# Programm von Handy zu Handy weitergeben(NOKIA N70)



## luke86 (8. Aug 2006)

Hallo,

Ich habe vor einer woche angefangen mich mit programmierung für Mobile-Endgeräte zu beschäftigen.
Ich hab eine testapplikation geschrieben (ein simpler Euro umrechner) die auch auf meinem handy problemlos läuft.

Nun wollte ich aber meinen Freunden dieses Programm auch senden, jedoch schreibt mir mein handy beim versuch das Programm weiterzugeben immer "Geschützte objekte können nicht weitergegeben werden". Ich hab hier die option zu wählen ob ich das Programm über Bluetooth oder über Multimedia weitergeben möchte, aber egal welche Option ich wähle, ich bekomm immer die gleiche meldung.

Bei geschützten Programmen wie Spielen die ich von einem Anbieter erworben habe kann ich ja verstehen, dass ich die nicht weitergeben darf, aber wenn ich selbst ein Programm schreibe müsste ich doch die möglichkeit haben das Programm weiterzugeben oder?

Zu meinem Handy:
Nokia N70 (T-Mobile Austria)
Symbian OS (7.1?), S 60 Platform

IDE: Netbeans mit dem Mobiletoolkit von sun (ich glaub v1.0.42)

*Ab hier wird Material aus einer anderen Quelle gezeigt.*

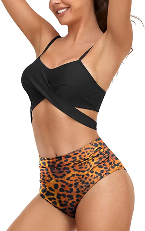 - This high waisted criss cross wrap bikini, its top comes with a push up design and its bottom comes with an elastic high waist design so that it will sure flatter your curves, sexy and cute.
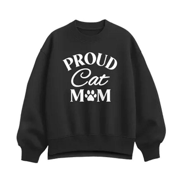 Proud Cat Mom Womens Crew Neck Long Sleeve Pullover Sweater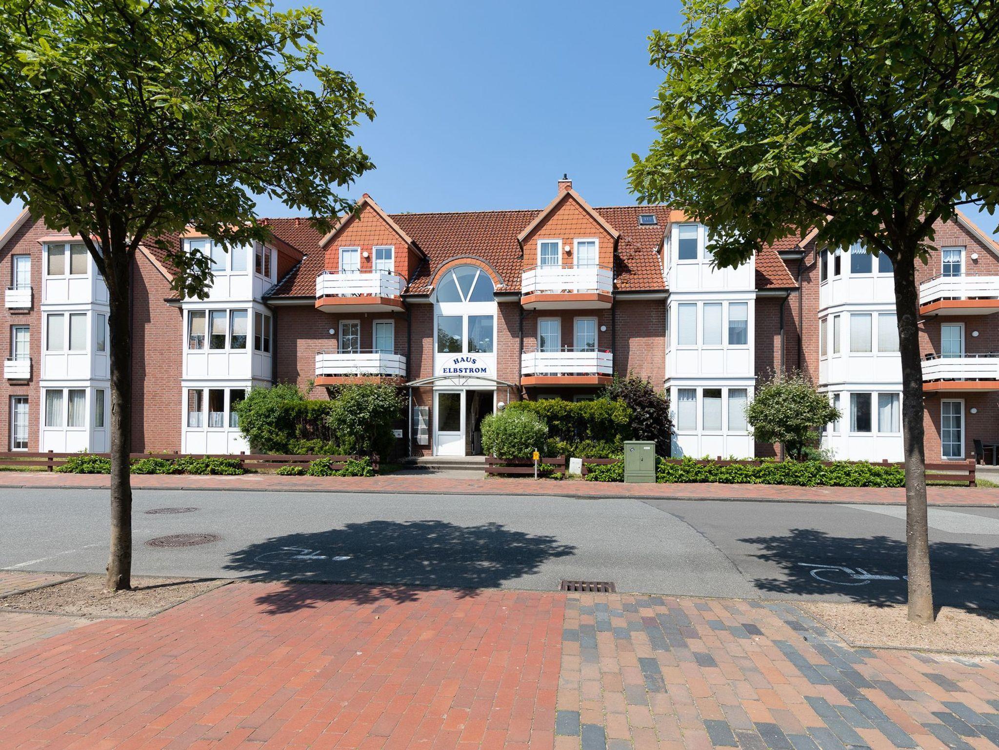 Die Ferienwohnung 8, im Haus Elbstrom befindet sich in einer verkehrsberuhigten Sackgasse. In nur 300 Metern erreichen Sie die Nordsee mit dem Sandstrand und die Kugelbake. Bäcker und verschiedene Restaurants sind Fußläufig zu erreichen.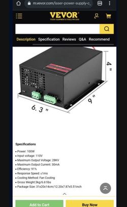 Laser Power Supply Co2 Laser Engraver 100w Laser Power Engraving Supplies$55Moreno Valley, CA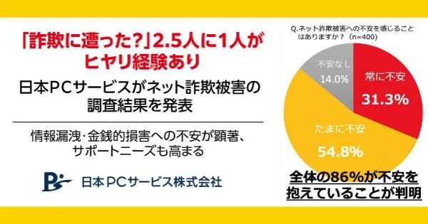 デジタル機器の設定やトラブル解決を行う日本PCサービス株式会社は、2025年4月に実施したネット詐欺や置き配盗難に関する調査結果を発表しました。この結果、インターネットを利用する人の約86.1%がネット詐欺に対する不安を抱えていることが明らかになりました。さらに、2.5人に1人が実際に詐欺被害に遭った経験があることがわかり、特に情報漏洩や金銭的損害が懸念されていることが浮き彫りとなりました。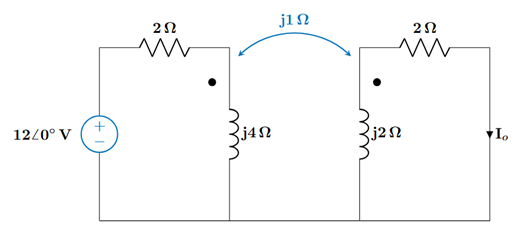 \begin{cases} \displaystyle (2 + j4)I_1 - j1I_2 = 12 \\ \displaystyle -j1I_1 + (2 + j2)I_2 = 0 \end{cases}
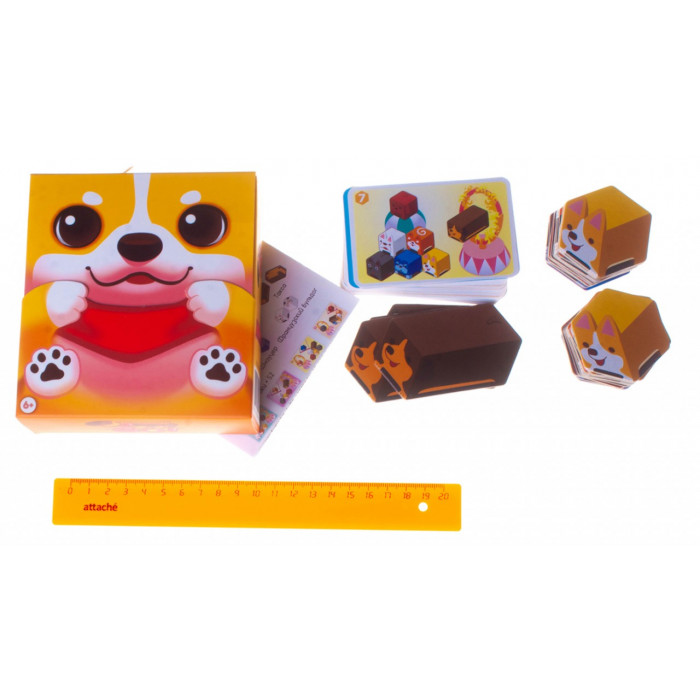 В ушастой и милой коробке скрываются 28 активных кубических песиков и 52 двухсторонние карточки с заданиями. А это более 100 увлекательных головоломок и совсем безграничное удовольствие.
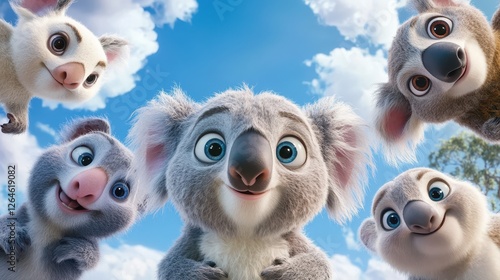 Group of colorful ponies standing in a circle and cheerfully looking down

Ich hoffe jemand kann mir bei meinem Problem weiterhelfen, ich bin mir leider nicht sicher ob das Problem mit einer generellen Sperre zusammenhängt oder ob ich vielleicht nur etwas an der Manifest anpassen muss oder ein Zertifikat hinzufügen muss um mein Programm weitergeben zu können.

mfg
luke


----------



## Cardmaster (23. Dez 2007)

Ist normal, dass du bereits installierte Programm nicht weiter geben kannst. Das ist bei meinem Motorola genauso. Hat nichts mit irgendwelchen Software-Rechten zu tun. Die einzige Möglichkeit meines Erachtens nach ein Prog via Handy weiter geben zu können ist die Datei einfach in den Speicher zu kopieren, nicht installierte Sachen versuchen zu kopieren.


----------



## Blizz (12. Feb 2008)

das ist egal, ich persönlich kann die .jar dateien auf das handy/speicherkarte ziehen, versenden kann ich s aber trozdem nicht!


----------



## Backwardsman (13. Feb 2008)

die zeiten in denen man Euro noch in D-Mark umrechnet (und umgekehrt) sind doch eh vorbei! ;-) --> alles 1:1


... funktioniert denn das versenden von anderen dateien? ich kann mir nicht vorstellen, dass man z.b. eine mp3-datei versenden kann aber jar- und jad-dateien nicht!?


----------